Biography: BROWN, William R.
WILLIAM R. BROWN, an old and prominent citizen of Neapolis, Maury Co., Tenn., was born in this county, October 15, 1882, and is a son of Solomon and Elizabeth (Sanders) Brown, both of whom were natives of South Carolina. The father was one of the early settlers of this county and followed the vocation of farming. He died about two years after immigrating here from South Carolina. The mother’s death occurred in 1864, at the unusual age of eighty-one years. Our subject passed his youthful days on the farm and secured a fair practical education at the common schools.
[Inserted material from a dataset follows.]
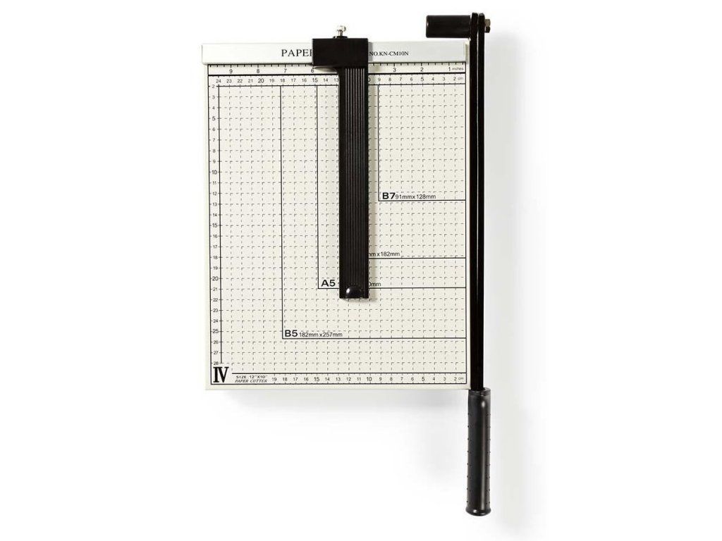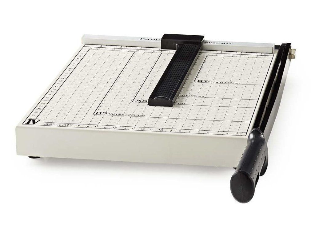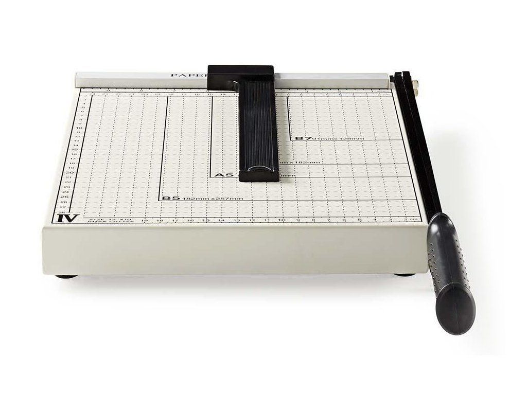 Nedis PACU110A4Řezačka papíru a fotopapíru formátu A4 s bezpečnostním zámkem. Deska o rozměrech 300 × 250 mm disponuje měřítkem v centimetrech i palcích a vyznačenými standardními velikostmi papíru.

At the age of sixteen he served an apprenticeship at wagon-making and followed that business for twelve or fifteen years. In 1852 he began merchandising at Neapolis and was engaged in this business until the beginning of the war. In 1861 he enlisted in Company A, Forty-eighth Tennessee, and served as a sergeant about one year. Being a mechanic he was detailed boss of brigade shops and was afterward made boss of the division shop, and remained as such until the close of the war. He then returned to Neapolis and resumed his former business. In 1881 he removed to his farm, on which he lived one year, then built his present house and shop, where he has been engaged in wagon-making and general repairing. In 1869 he wedded Elizabeth Truelove, a native of this county, who died in 1882,. They have four children born to this union, only two of whom are living: Willie E. and Lillie. Mr. Brown is a Democrat and an attendant of the Methodist Church.
Source: History of Tennessee: From the Earliest Time to the Present; Together with an Historical and a Biographical Sketch of Maury, Williamson, Rutherford, Wilson, Bedford and Marshall Counties. Nashville, Tenn: Goodspeed Pub. Co, 1886.